Sorting `avg_by_hour` in desc. order with the key set as avg no. of comments for each hour (i.e. second element in each sublist inside the list 'avg_by_hour'):

In [26]:
avg_by_hour.sort(reverse=True, key=lambda row:row[1])

In [27]:
print(*avg_by_hour, sep='\n')

['15', 38.5948275862069]
['02', 23.810344827586206]
['20', 21.525]
['16', 16.796296296296298]
['21', 16.009174311926607]
['13', 14.741176470588234]
['10', 13.440677966101696]
['14', 13.233644859813085]
['18', 13.20183486238532]
['17', 11.46]
['01', 11.383333333333333]
['11', 11.051724137931034]
['19', 10.8]
['08', 10.25]
['05', 10.08695652173913]
['12', 9.41095890410959]
['06', 9.022727272727273]
['00', 8.127272727272727]
['23', 7.985294117647059]
['07', 7.852941176470588]
['03', 7.796296296296297]
['04', 7.170212765957447]
['22', 6.746478873239437]
['09', 5.5777777777777775]


## Conclusion

Displaying hour and corresponding avg no of comments for 
"Top 5 hours for Ask Posts comments":

In [28]:
for row in avg_by_hour[:5]:
    dateobj = dt.datetime.strptime(row[0], "%H")
    hour = dateobj.strftime("%H:%M")
    avg_comments = row[1]
    print("{}: {:.2f} average comments per post".format(hour, avg_comments))

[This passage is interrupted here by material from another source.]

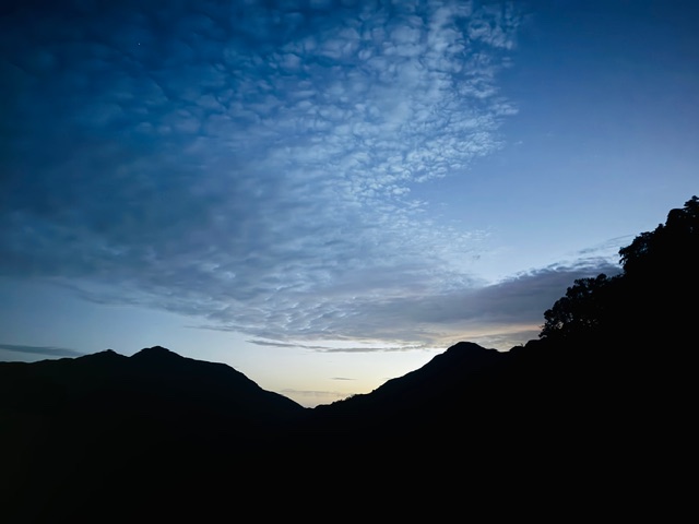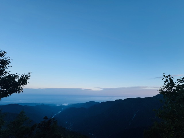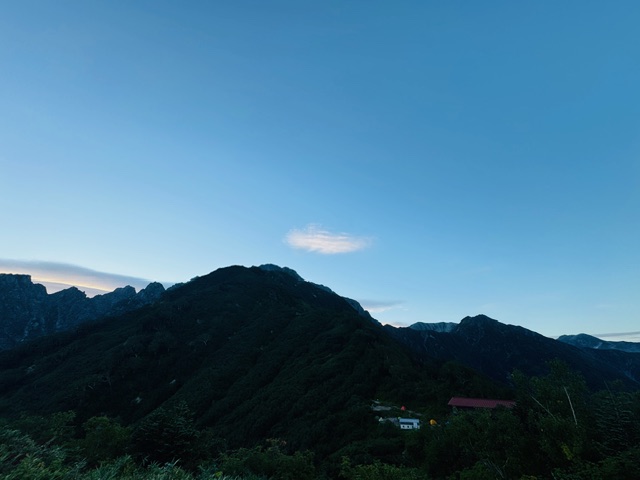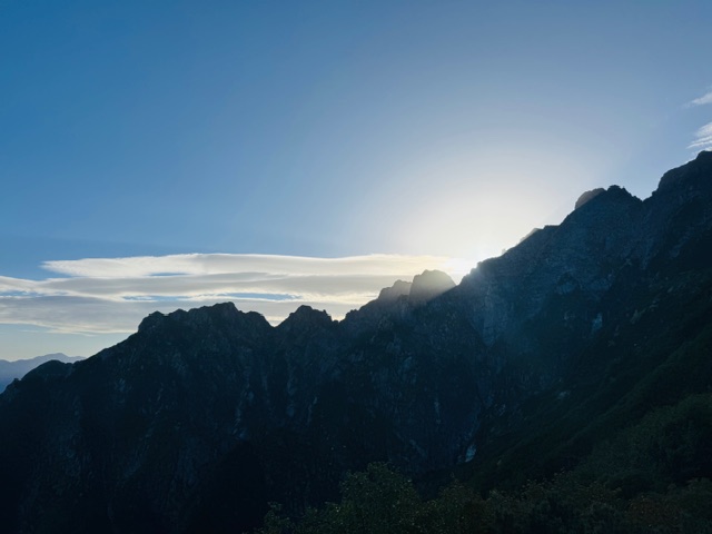 5:00前になるとようやく山の間から日の出がスタートし、暗黒の世界から少しずつ周りの山々の絶景が見え始めてきます。鳥も鳴き始め、一日が動き出すこの瞬間は登山をしていて好きな時間のひとつ。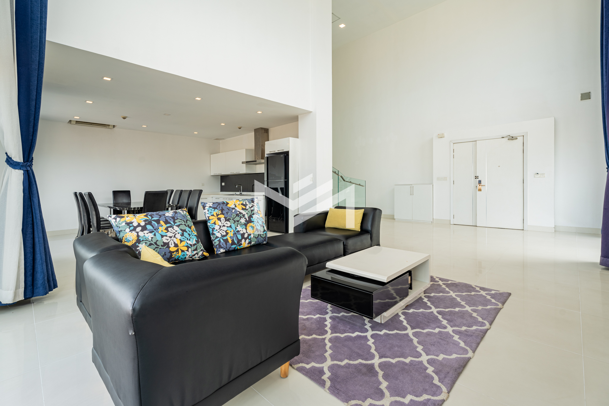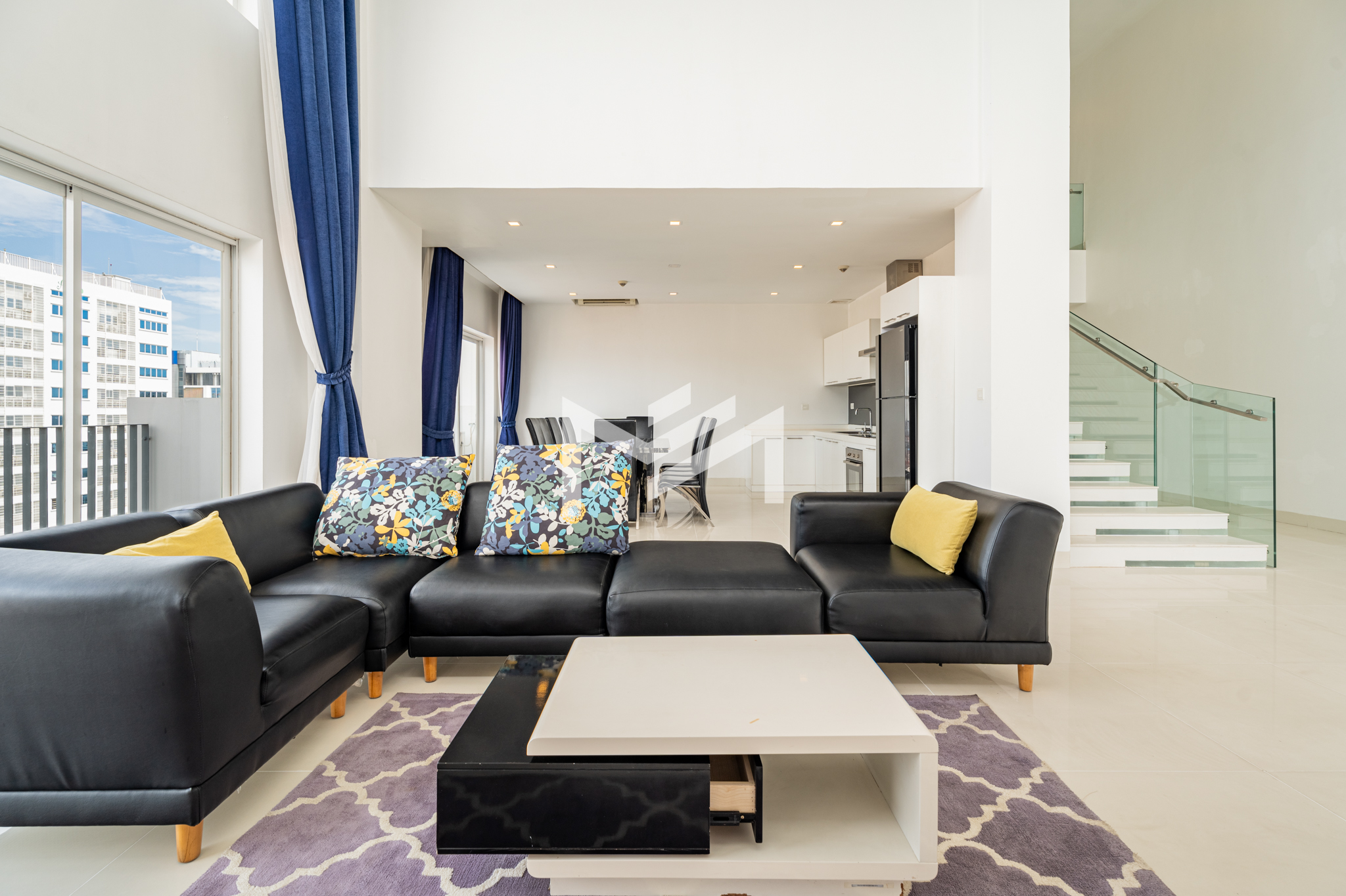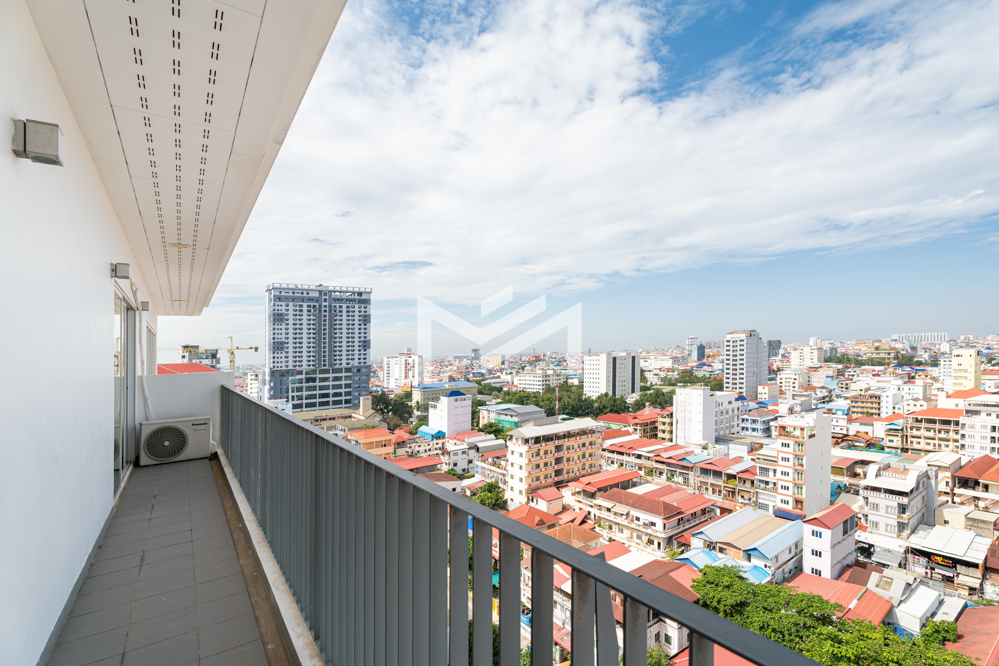 A beautifully furnished home, ready for you to move in with ease. Step into a bright and modern living space featuring a western-standard kitchen with built-in oven and electronic stove, ample wardrobe storage, and a sun-lit balcony. The high ceiling in the living room enhances the sense of space, while the duplex layout offers comfort and privacy. Enjoy an excellent view from your own large private terrace—perfect for relaxing or entertaining. Residents can access resort-style amenities, including a rooftop swimming pool, fully equipped gym, professional cleaning service, and 24/7 security. Ideally positioned near the Chinese Embassy in the Olympic area, this home is perfect for anyone seeking a stylish and comfortable lifestyle in the west of Phnom Penh.

15:00: 38.59 average comments per post
02:00: 23.81 average comments per post
20:00: 21.52 average comments per post
16:00: 16.80 average comments per post
21:00: 16.01 average comments per post


Thus, posting at these hours seem to have a higher chance for receiving comments.